TL;DR: AI makes it trivial to build agents that process data. The problem? Most of them are just noisy data dumps with no conclusion. The fix isn't more data — it's architecting judgment. Three checks: one-sentence directive, operational hierarchy, and the 50% deletion test.
I am James, CEO of Mercury Technology Solutions.
From my office in Wanchai— July 2026.
The Pretty Fluff Problem
I've been watching how enterprises build AI agents and define their "skills." And it reminds me exactly of the infographic craze from a decade ago.
Back then, content creators discovered they could compress a 2,000-word report into a visually stunning graphic. Pretty. Shareable. And mostly useless — because it summarized without concluding.
Today, developers are doing the same with AI. Throw massive data and API connections into a system prompt, expect a brilliant autonomous agent to emerge. The code is elegant. The output is garbage.
I see it daily. The agent ingests a spreadsheet of sales data, spits out three pie charts, and stops. Immense processing power. Zero judgment.
This happens because we misunderstand what an "Agent Skill" actually is. To fix it, we need to look back at how humans have structured information for 30,000 years.
The Evolution of Information: From Caves to Code
Structuring data to drive decisions isn't new. It evolved through four distinct phases:
1. Survival (30,000 BC) Cave paintings weren't art. They were prehistoric databases — recording volcanic eruptions, hunting grounds, migration patterns. The goal was simple: live or die.
2. Frameworks (1637) Descartes invented the coordinate system. X and Y axes. The foundational architecture for plotting abstract data. He gave us the structure to think spatially about numbers.
3. Clarity (1786) William Playfair invented the bar chart and pie chart. His goal wasn't aesthetics. It was to force politicians who couldn't read spreadsheets to understand the economy at a glance.
4. Action (1858) Florence Nightingale didn't just plot Crimean War casualties. She designed the "Rose Chart" specifically to prove that poor hygiene was killing more soldiers than enemy bullets.
Her chart wasn't a summary. It was a weaponized argument that changed military medical policy.
**The Standard:** When you build an AI agent, don't aim for a data summary. Aim for Nightingale's Rose Chart. Your agent's skill isn't to "process data" — it's to **make a definitive judgment.**
The 3 Crucial Checks for AI Agent Skills
At Mercury, we deploy Mercury Muses AI — agents that perform tasks across content, operations, and sales. Before any agent goes live, we run its skills through three checks.

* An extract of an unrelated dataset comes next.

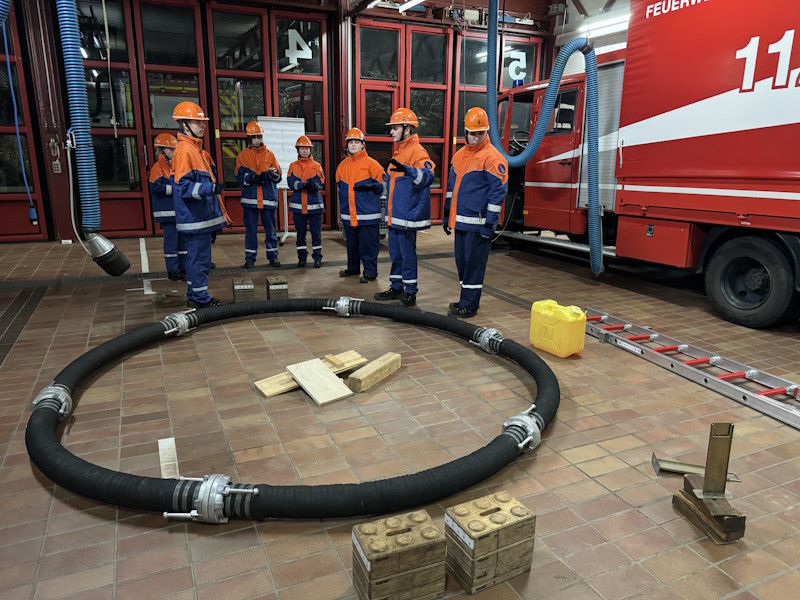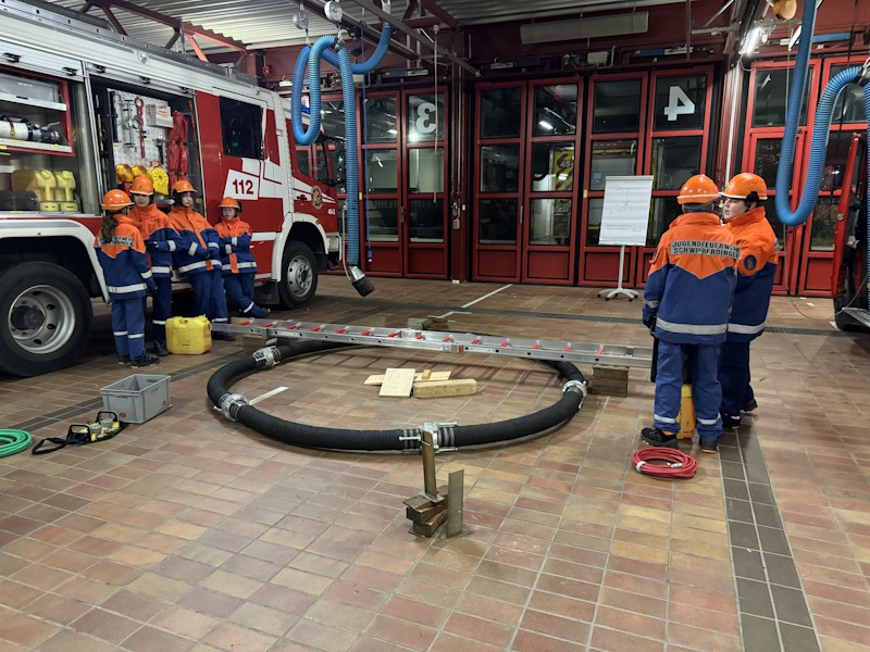 In der Jugendfeuerwehrübung am 12.12. bekamen wir die knifflige Aufgabe – technische Hilfeleistung, um einen verschütteten Schokoladennikolaus aus einem Ring von Saugschläuchen zu retten. Das schwierige daran war, dass die Schläuche, sowie das innere des Rings nicht berührt werden durften. Der Nikolaus war unter schweren Trümmerteilen, simuliert aus kleinen Brettern, begraben.

If you're writing system prompts or building agents, ask yourself:
Check 1: What Is the One-Sentence Directive?
If you can't summarize your agent's ultimate goal in a single sentence, your agent will fail.
Bad skill definition:
"Analyze May and June sales data across eight product lines and provide a summary."
Good skill definition:
"Identify which product caused the June revenue dip and recommend whether to increase ad spend or cut the product."

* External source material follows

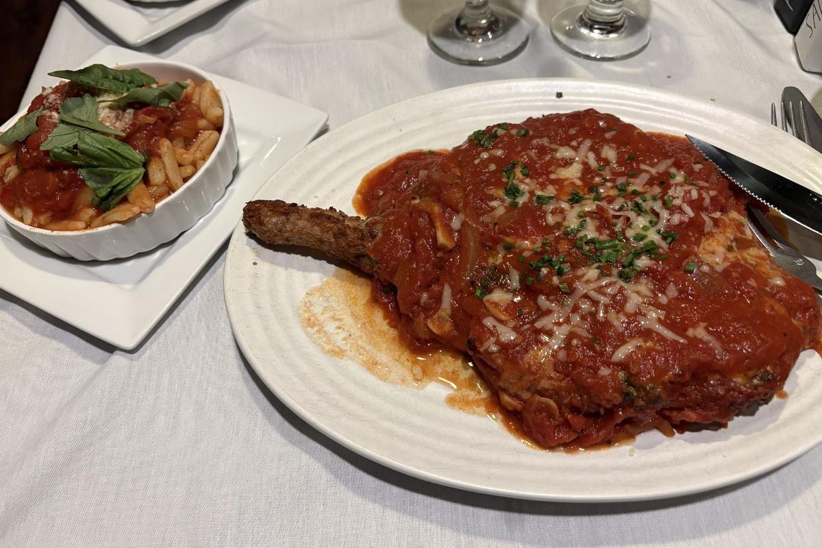 I got the pork chop Parmesan fra diavolo. It’s got hot and sweet peppers, San Marzano tomato sauce, melted provolone, and ricotta gnocchi. I subbed the gnocchi for cavatelli. You can find their dinner menu here. And their lunch menu here.

AI models are eager to please. If you don't give them a definitive stance or conclusion to reach, they vomit data back at you. Architect the conclusion first.
Check 2: What Is the Operational Hierarchy?
When your agent looks at the prompt and data, what does it process first?
In our internal F.I.N.D.S. Framework, the 'I' stands for Information Structuring — architecting content into "citable chunks" that AI can extract and reason over.
If your agent is distracted by irrelevant background or bloated context windows, its cognitive hierarchy is broken. Design the priority of instructions so the AI knows exactly which variables matter most.
Check 3: The 50% Deletion Test
This is the most painful, most effective test.
Look at your agent's system prompt and data. Now delete half of it. Edge cases, redundant instructions, "nice-to-have" context — all of it.
If the agent's core directive survives, and its output becomes faster and clearer, that 50% was pure noise.
In the AI era, token efficiency is everything. The value of an agent's skill isn't determined by how much data it can swallow. It's determined by how much noise it can ignore.
AI Simplifies Execution, Not Judgment
Yes, AI makes building tools incredibly easy. You can generate a functioning agent in minutes. But because the barrier to execution has vanished, the barrier to *judgment* is now fully exposed.
AI will faithfully execute whatever you tell it to do. But if you don't know what you're actually trying to say, the AI cannot decide for you.
This is why, when we implement solutions for clients, we don't start with the data. We start with the business intent. We define the exact decision the system needs to make — then we structure the agent to deliver it.
Stop building agents that draw pretty charts.
Start building agents that make decisions.
Mercury Technology Solutions: Accelerate Digitality.